Ozzie Smith was the greatest defensive shortstop in the entire history of baseball. He was absolutely incredible; in some years he was stopping **one hundred to one hundred and fifty more grounders than the average shortstop. ** I’d guess, conservatively, that his defense robbed the opposition of at least six hundred hits over the course of his career. So imagine if instead of Ozzie Smith you had a shortstop who batted .306 with over 3000 hits and played major league average defense at shortstop. You’d put that guy into the Hall, right? Well, that’s basically equivalent to Ozzie.

And the two most recent shortstops inducted prior to Smith, not counting verterans, had less range.

I’ll admit he was a better defensive shortstop than Trammell–no problem. So now let’s start the HOF campaign for Omar Vizquel–who is an incredible defensive shortstop.

Actually, I find Omar at least as deserving as Trammell. He would get my vote before Trammell. This is strictly having watch both play and being unimpressed by Trammell as anything special defensively and watching Omar play and believing him to be almost as good as Ozzie without the flash. Omar was a better offensive player than Ozzie to help boost him a bit.

Overall, I think both Omar & Trammell belong in the category of not quite Hall of Famers.

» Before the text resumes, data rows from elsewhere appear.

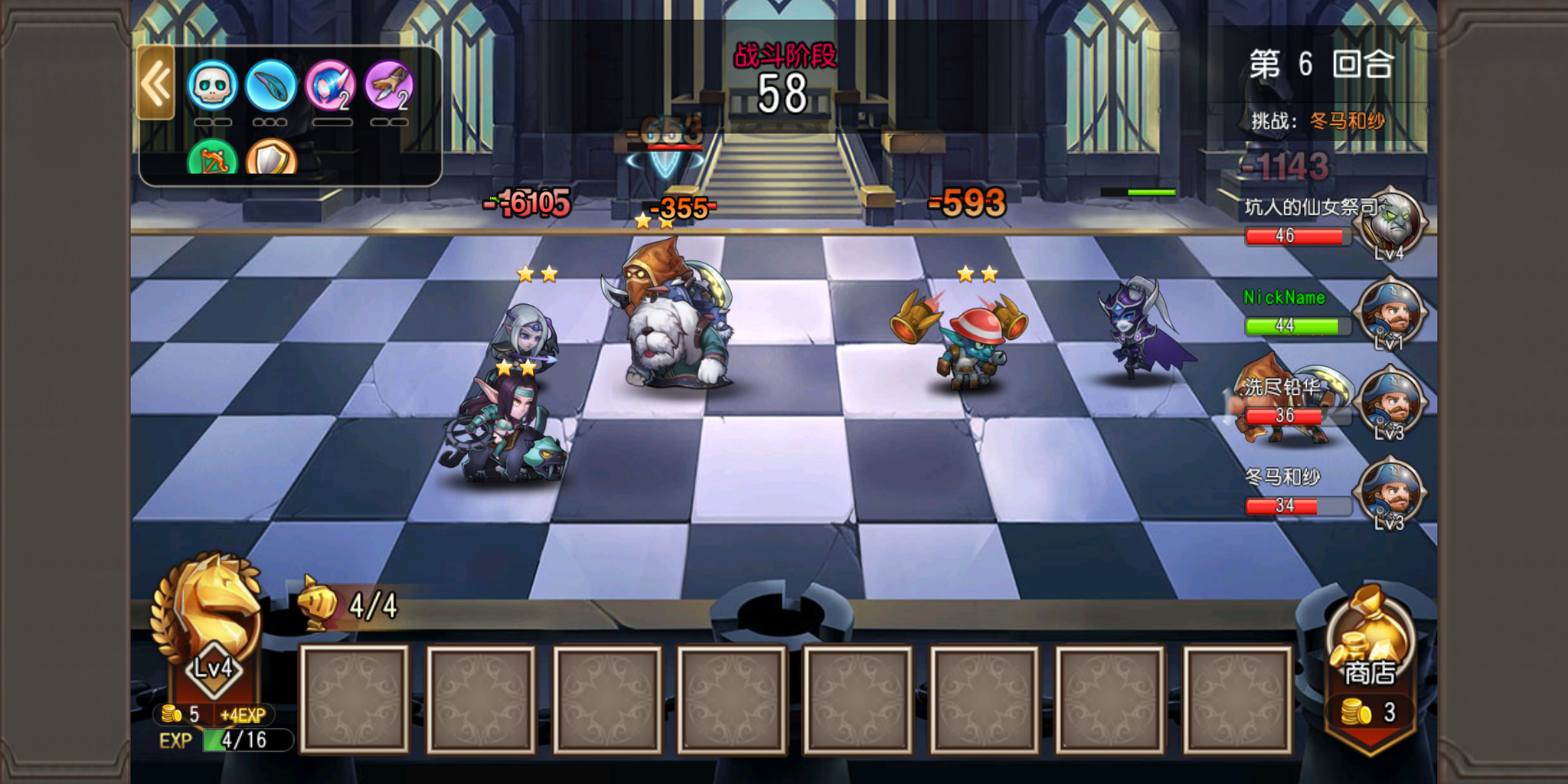 不仅如此,在“暴走棋”模式中,还根据这种界面对棋盘大小进行了一定的调整,4X3的棋盘大小远小于其他同类。棋盘小了,那么上场的棋子数量自然也会有所减少,将比同类产品的10人口,在本作中人口上限为6人口。
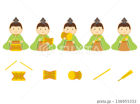 和紙ちぎり絵の五人囃子セット 白背景素材
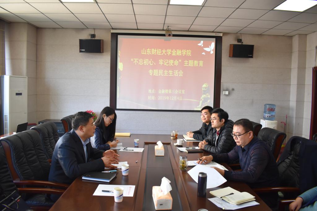 根据学校“不忘初心、牢记使命”主题教育领导小组部署和安排,2019年12月4日上午,开云体育 党委领导班子在舜耕校区金融楼第三会议室召开了“不忘初心、牢记使命”专题民主生活会。学校第二巡回指导组组长教师工作部部长刘旻航、成员校纪委监察处王丽娜科长莅临指导。党委书记吴红文,院长彭红枫,副书记范志毅、康亚通,副院长葛永波、冯玉梅参加了会议。党委委员、工会主席、办公室主任杨丰国,党委组织员李勇列席了会议。会议由党委书记吴红文主持。

I would be interested in RickJay providing the saberstats to compare the three defensively. where do you get those? I rely on baseball-reference.com of course for most of my stats.

Jim

How awesome is that site, by the way? It’s fast, and the extensive linking between pages makes it easy to research whatever weird arcane thing you want to research. No registration, no fee… and near as I can tell, it’s pretty much the brainchild and work of one guy (with a lot of help, of course, but still).